I am not pro Fox.  I am anti censorship.  I listen to talk radio from time
to time to hear what ordinary people are saying, no matter how redneck they
may seem to some.  Listening to different points of view tends to broaden.
Restricting what people may hear makes the censored material all the more
attractive.

I like to hear a diversity of views and opinions.  As I said to another on
the list, the USSR engaged in censoring those views that it found
threatening.  In a free society , aside from hate speech and/or incitement
to violence, we should be able to hear just about everything. (except the
usual criminal things like child porn, etc.)

arthur

-----Original Message-----
From: [email protected]
[mailto:[email protected]] On Behalf Of Mike Spencer
Sent: Thursday, April 25, 2013 1:41 PM
To: [email protected]
Subject: [Futurework] Re: Live hearing in days -- Stop "Fox News North"


Arthur wrote:

> You mean that the other networks are not in one way or the other in 
> their broadcast selling us a view of the world; consumer goods; 
> entertainment designed to hold our attention until the next advert; 
> children's morning TV with a particular message.

No, I don't mean that.  I forebore to remark (or concede), for the sake of
brevity, that all commercial media share mercenary motivations that, to a
greater or lesser degree, bend and filter "content" to those ends.  That's
why I don't watch TV at all, except when in the dentist's chair where a
ceiling-mounted monitor displays whatever happenstance channel someone has
selected. And I've never, AFAICR, watched Fox, even for sampling purposes.

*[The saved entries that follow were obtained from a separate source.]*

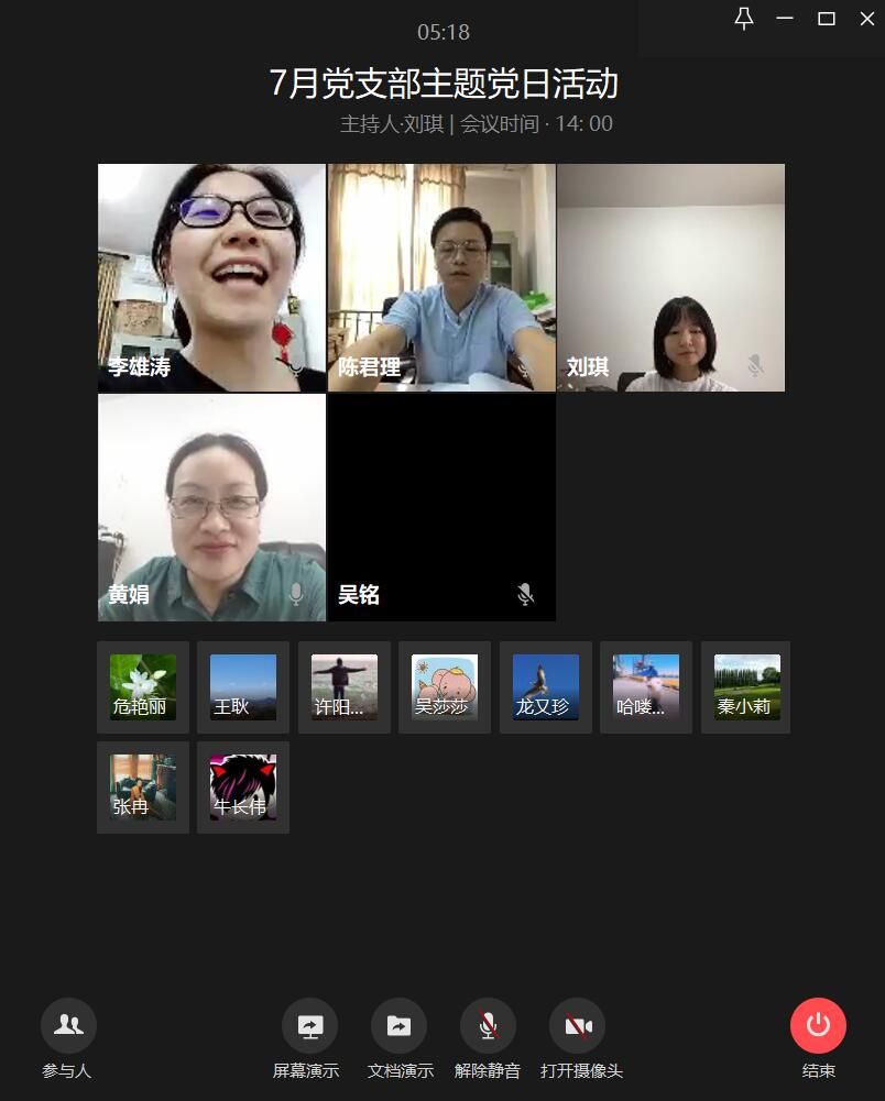 2020年7月16日下午两点,我院教工党支部通过企业微信会议线上学习的形式开展了七月份支部主题党日活动。此次主题党日活动的主题为“同上战疫‘微党课’,共筑红色防火墙”,由支部书记黄娟同志主持。
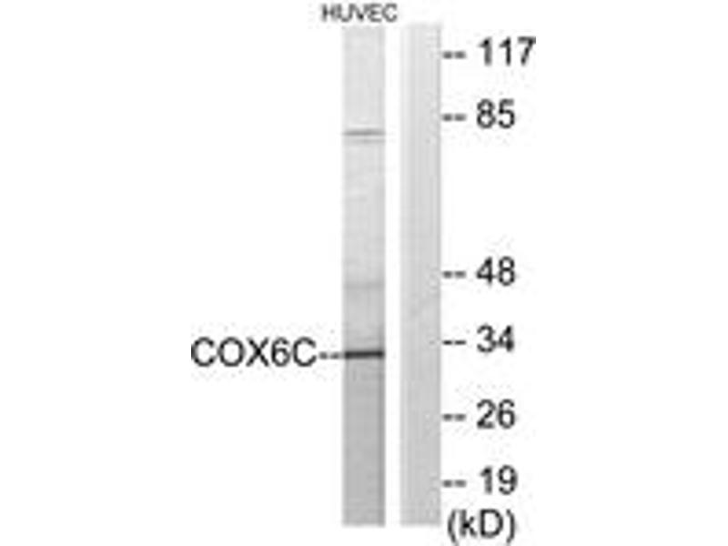 - The antiserum was produced against synthesized peptide derived from human COX6C.
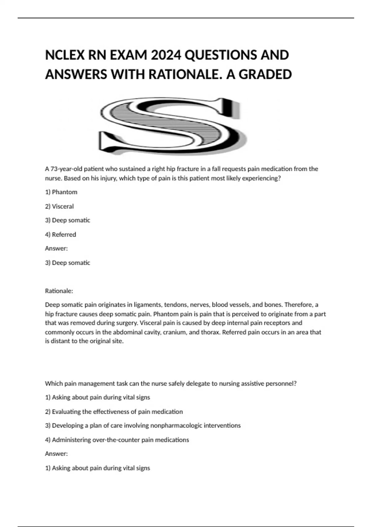 NCLEX RN EXAM 2024 QUESTIONS AND ANSWERS WITH RATIONALE. A GRADED A 73-year-old patient who sustained a right hip fracture in a fall requests pain medication from the nurse. Based on his injury, which type of pain is this patient most likely experiencing? 1) Phantom 2) Visceral 3) Deep somatic 4) Referred Answer: 3) Deep somatic Rationale: Deep somatic pain originates in ligaments, tendons, nerves, blood vessels, and bones. Therefore, a hip fracture causes deep somatic pain. Phantom pain is pain that is perceived to originate from a part that was removed during surgery. Visceral pain is caused by deep internal pain receptors and commonly occurs in the abdominal cavity, cranium, and thorax. Referred pain occurs in an area that is distant to the original site. Which pain management task can the nurse safely delegate to nursing assistive personnel? 1) Asking about pain during vital signs 2) Evaluating the effectiveness of pain medication 3) Developing a plan of care involving nonpharmacologic interventions 4) Administering over-the-counter pain medications Answer: 1) Asking about pain during vital signs Rationale: The nurse can delegate the task of asking about pain when nursing assistive personnel (NAP) obtain vital signs. The NAP must be instructed to report findings to the nurse without delay. The nurse should evaluate the effectiveness of pain medications and develop the plan of care. Administering over-the-counter and prescription medications is the responsibility of the registered nurse or licensed practical nurse. We have an expert-written solution to this problem! Brainpower Read More Which factor in the patient's past medical history dictates that the nurse exercise caution when administering acetaminophen (Tylenol)? 1) Hepatitis B 2) Occasional alcohol use 3) Allergy to aspirin 4) Gastric irritation with bleeding Answer: 1) Hepatitis B Rationale: Even in recommended doses, acetaminophen can cause severe hepatotoxicity in patients with liver disease, such as hepatitis B. Patients who consume alcohol regularly should also use acetaminophen cautiously. Those allergic to aspirin or other nonsteroidal anti-inflammatory drugs (NSAIDs) can use acetaminophen safely. Acetaminophen rarely causes gastrointestinal (GI) problems; therefore, it can be used for those with a history of gastric irritation and bleeding
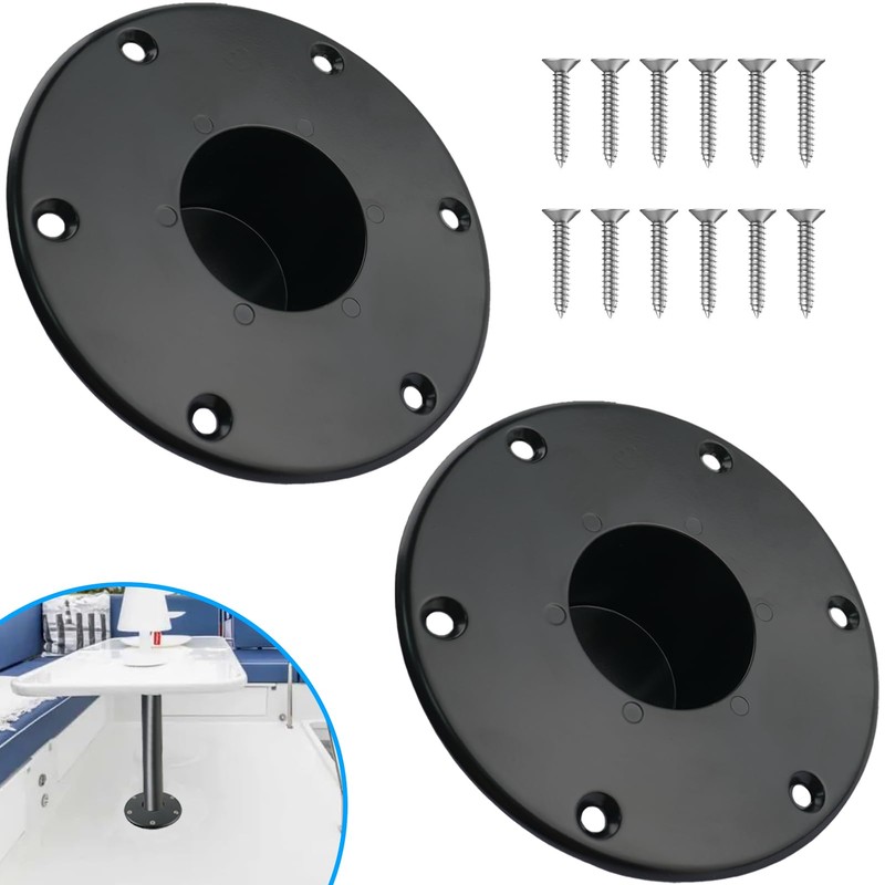 • PERFECT FIT & UNIVERSAL COMPATIBILITY: Compatible with 013-1112 Table Base and similar-sized RV table legs. Features a 5.91-inch outer diameter and 2.25-inch inner diameter with 6 pre-drilled mounting holes for effortless installation. A reinforced embedded design offers superior stability. Always double-check your measurements for a seamless match!

But I've read about it in numerous places.  The ubiquitous consumerist
message of commercial media is quite pernicious enough in itself.
(What I take to be) The jingoist, anti-social, corporatist, malevolent
rhetoric of Fox's crazed, extreme-right political product strikes me as a
whole 'nother thing.

So I'm open to argument but I think that refusing status to a politically
malevolent information vendor is more comparable to communities who refuse
business licenses to Mordor^H^H^H^H^H^H Walmart than to censorship.  Is the
latter "tortious interference with trade"
or good communitarian wisdom resisting a powerful and malignant agressor?